Thanks for posting that article - its better than most on the topic.

However, there is ample evidence that people were in the Indonesia area long before Africa and that from there, there was a migration INTO Africa. In short, the “Out of Africa’ theory is now suspect. Lots of people like the “Out of Africa’ theory because it gives a direct route to Europe and connects to their historical ancestors. But that leaves out all the other evidence from Asia and SE Asia that contradicts it. If you want to know more, start reading; don’t ask me, I’m busy reading.

As the author notes about people 300,000 years ago “theoretically could have discovered relativity, built space telescopes, written novels and love songs. Their bones say they were just as human as we are.” And over that period of time, nothing, not even dust, would remain of what they did or did not have or do; nothing we build or make today would last 10,000 years let alone 300,000.

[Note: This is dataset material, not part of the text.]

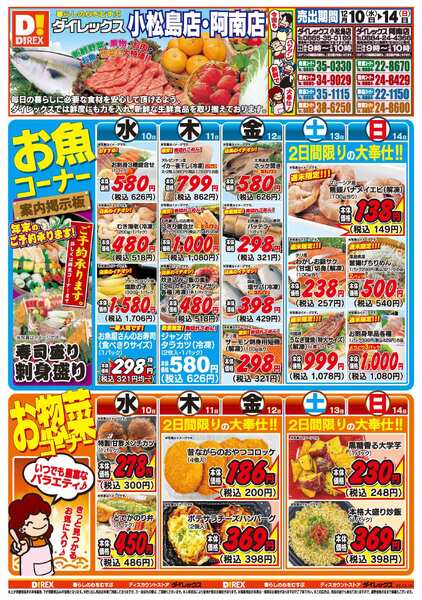 特売やセール情報など最新のチラシを掲載中。(4種類、6枚のチラシを掲載しています)

We only know of them because a very few were ‘lucky’ enough to die under circumstances that their bones fossilized. And because of institutionalized consensus thinking, anything or object which contradicts that thinking is ridiculed, buried, and the finder ostracized from the scientific community; it often takes decades for the current consensus thinking meme to be overthrown.


42 posted on 10/30/2020 3:43:59 AM PDT by PIF (They came for me and mine ... now its your turn)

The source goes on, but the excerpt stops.